发布时间：2019-02-11 20:07

【摘要】：热电材料是一种能够实现热能和电能直接相互转换的功能材料，在温差发电和半导体制冷等领域有着广泛的商业应用前景。Bi2Te3及其固溶体合金是室温附近热电性能最好的热电材料，近几十年来已经有了较为成熟的发展。本文以高纯单质Bi，Sb，Te，Se为原料，采用真空熔炼、破碎、熔融旋甩并结合自主开发的通电加压烧结(RPS)工艺制备Bi2Te3基热电材料，研究了制备工艺和名义成份对Bi2Te3基热电材料的微观结构和热电性能的影响规律;并探索了制备公斤级P型Bi2Te3基热电材料的可能性以及块体样品的均匀性；另外，本文以市售单晶棒切割废粉料为原料，通过洗涤、还原、掺杂、熔炼再结合RPS烧结，探索了以废料粉末为原料制备高性能P型(Bi,Sb)2Te3块体的可能性。本文研究结果如下： (1)研究了制备工艺和名义成份对Bi2Te3基热电材料的微观结构和热电性能的影响规律。与采用真空熔炼再结合RPS工艺的样品相比，采用真空熔炼、熔融旋甩并结合RPS工艺的样品具有更低的热导率。经过RPS烧结块体相对密度可达96%以上，证实RPS是一种非常有效的低温快速致密化技术。在此工艺条件下制备P型(Bi, Sb)2Te3样品最优成份为Bi0.44Sb1.56Te3，N型Bi2(Te, Se)3最优成份为Bi2Te2.7Se0.3，最大ZT值分别为1.17和0.84。与传统热压(HP)和放电等离子烧结(SPS)相比，由于低投资和高效率使得RPS技术更适合于实际工业生产。 (2)采用真空熔炼结合RPS烧结工艺，成功制备了公斤级P型Bi2Te3基块体大样品,样品尺寸为长×宽×高100×60×26mm3。对尺寸为长×宽×高50×30×13mm3的烧结样品沿不同方向切割考察样品的微观结构及热电性能。针对样品5个部位的热电性能分析表明，热电性能均匀性较好，电阻率在1.1~1.2×10-5.m范围波动，电动势率在200~220μＶ/Κ范围波动，热导率在1.1~1.3W/m·K范围波动，室温ZT在0.8~1.0范围波动。 (3)以Bi2Te3基单晶棒切片过程中的切割废粉料为起始原料，通过后续洗涤、还原、掺杂、熔炼结合RPS烧结，成功制备了高性能P型(Bi,Sb)2Te3热电材料。
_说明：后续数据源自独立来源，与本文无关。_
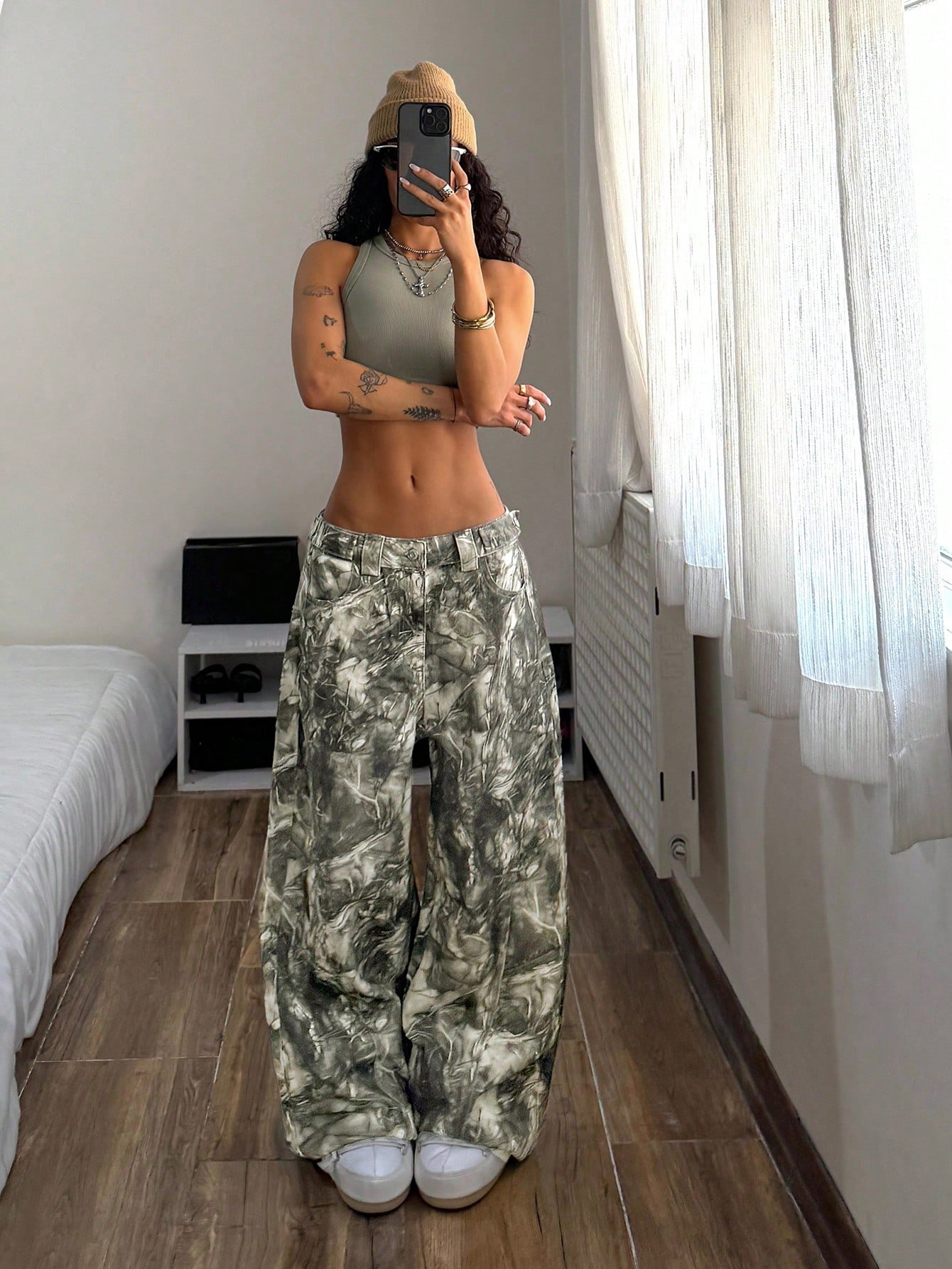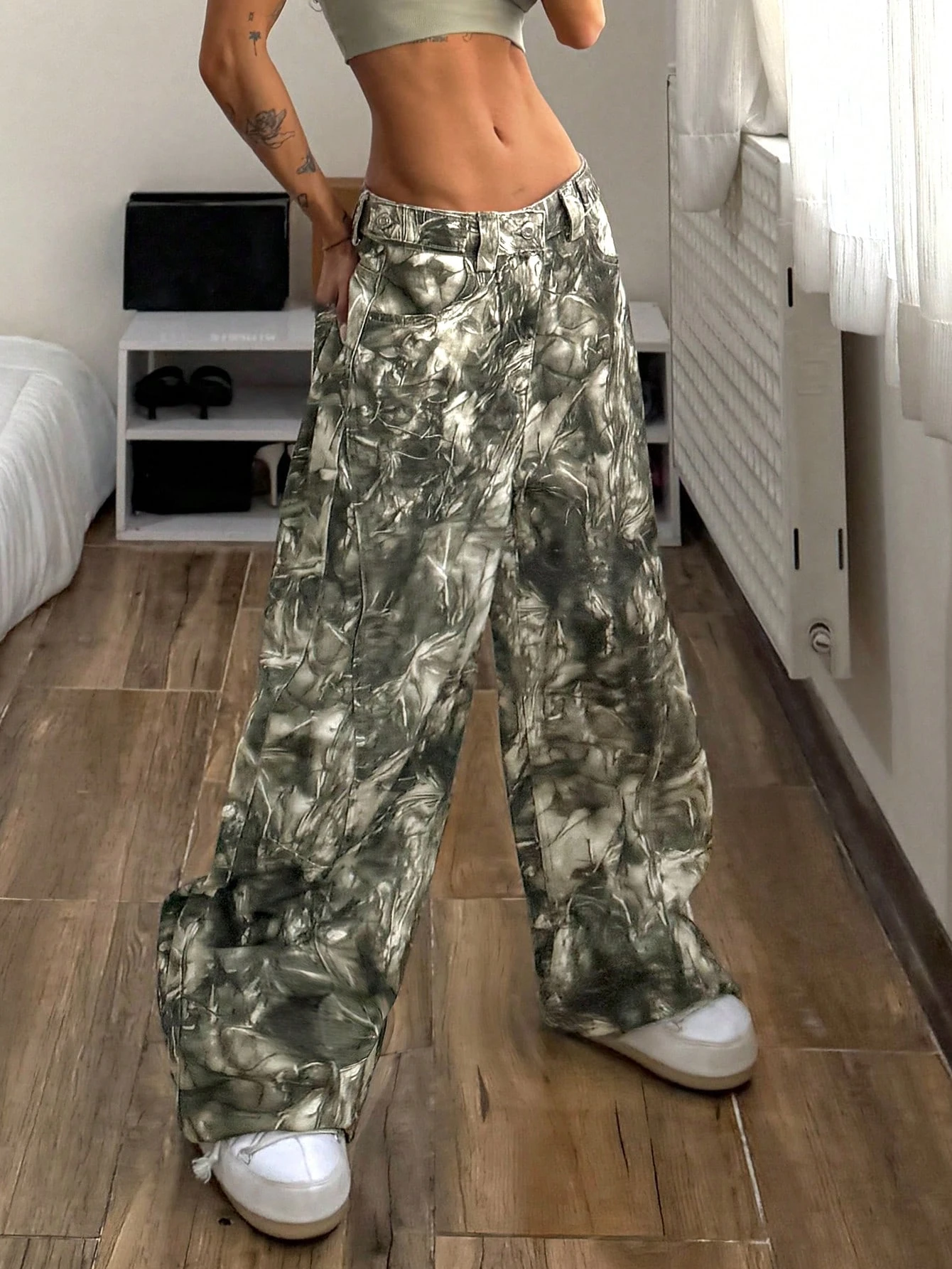 StreetHx Women's Fashion Casual Street Full Print Loose Denim Wide Leg Pants
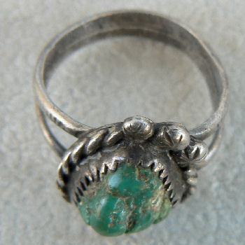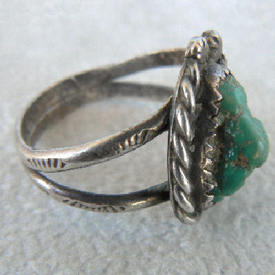 ![]() (VJ-9) Dainty roped border turquoise nugget marked 925 vintage Southwestern sterling ring. Center oval is 3/8". Border has a little spur you may wish to clip or file down a bit, seems as-made. Delicately split shank either side of setting. Size 7.5. Another image click: here. $21.00 |
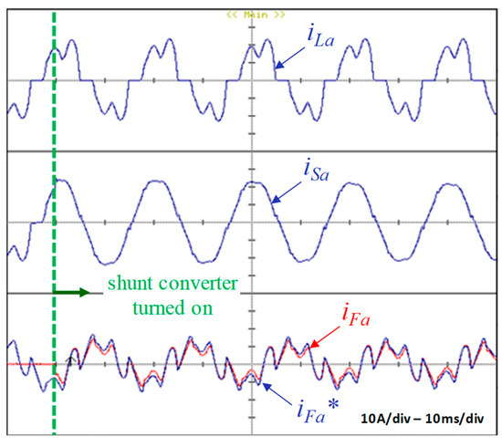 The experimental results are based on two main test cases. The first one is similar to the already introduced at the simulation results, and the second test case shows the performance of the series conditioner compensating a voltage imbalance. However, before illustrating these test cases, Figure 10 and Figure 11 show, respectively, the performance of the PWM current and voltage controllers. When the shunt conditioner is turned on (Figure 10), the produced current, iFa, tracks the reference current, iFa*, such that the compensated current, iSa, is comprised by the fundamental positive sequence of the load current, iLa, plus an active current necessary to regulate the DC-link voltage. When the shunt conditioner is operating in steady-state condition, the series conditioner is turned on (Figure 11). At this time instant, the command that kept turned on the upper IGBTs of the series conditioners is disabled. When the series converter is turned on, the voltage produced, vFa, tracks the reference voltage, vFa*, with the load voltage, vLa, corresponding to the fundamental positive-sequence of the power grid voltage, vSa.
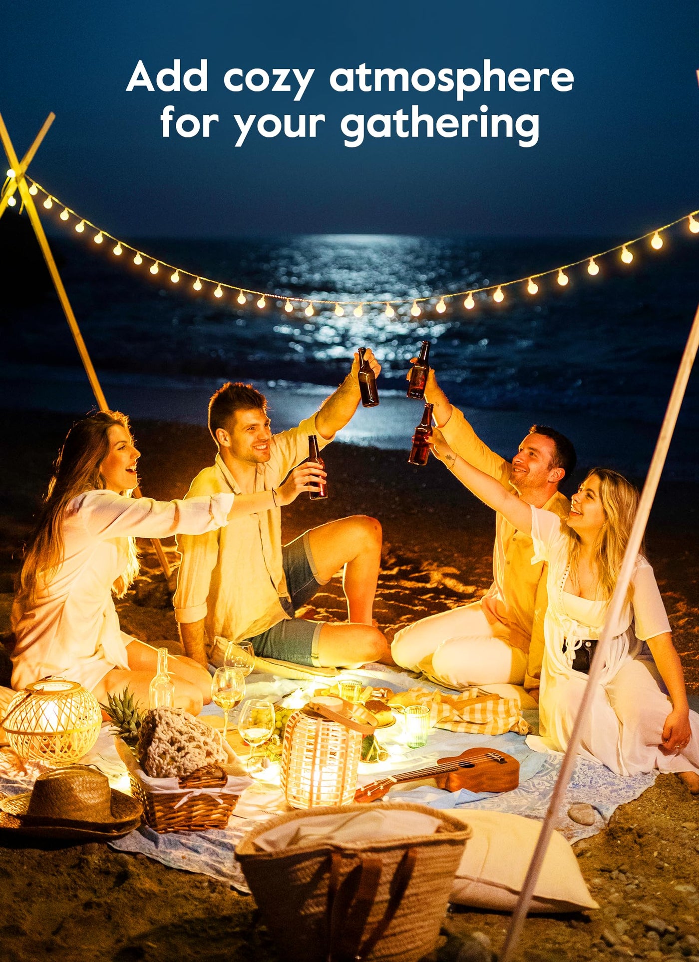 Q: What is the total length of the Brightown solar string lights and how many bulbs do they have?A: The Brightown solar string lights come in 2 packs with a total length of 39 feet and include 120 mini LED globes for a bright and inviting glow.
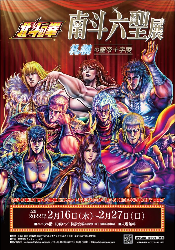 マンガ、アニメ、特撮などの人気コンテンツをテーマにした企画展を開催、運営している株式会社クレイジーバンプは、2021年2月16日(水)より札幌ロフトにて【北斗の拳・南斗六聖展 札幌ロフト】(https://hakabanogarou.jp/?p=24866)を開催いたします。
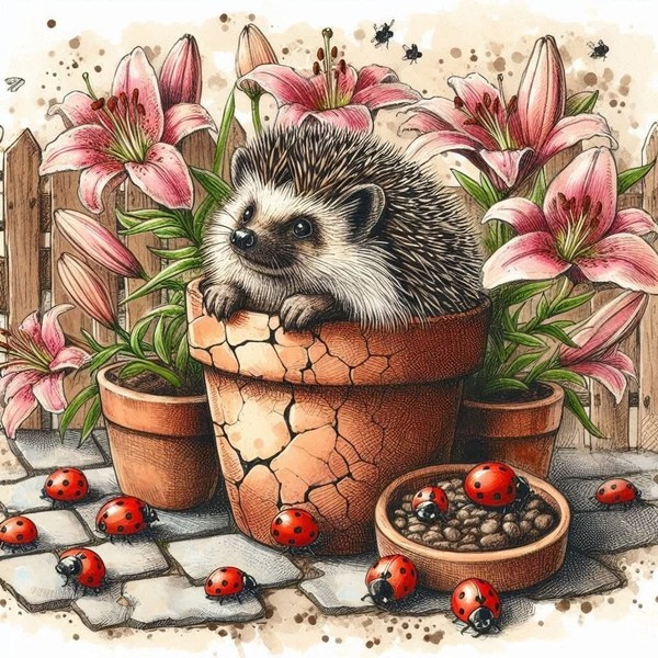 Hérisson et coccinelles

结果显示，，通过洗涤，还原和熔炼过程可将切割废料中的碳、氧元素在一定程度上去除，并未造成废料中有益元素的损失；适当添加高纯单质Sb, Te可以有效调节载流子浓度，其中名义成份为Bi0.44Sb1.56Te3样品在90°C时获得最大ZT值1.16。本回收工艺不仅可以普遍适用于制冷元件制备过程中产生的各种废料，而且可以应用于实际工业生产，提高材料利用率进而降低制冷片生产成本。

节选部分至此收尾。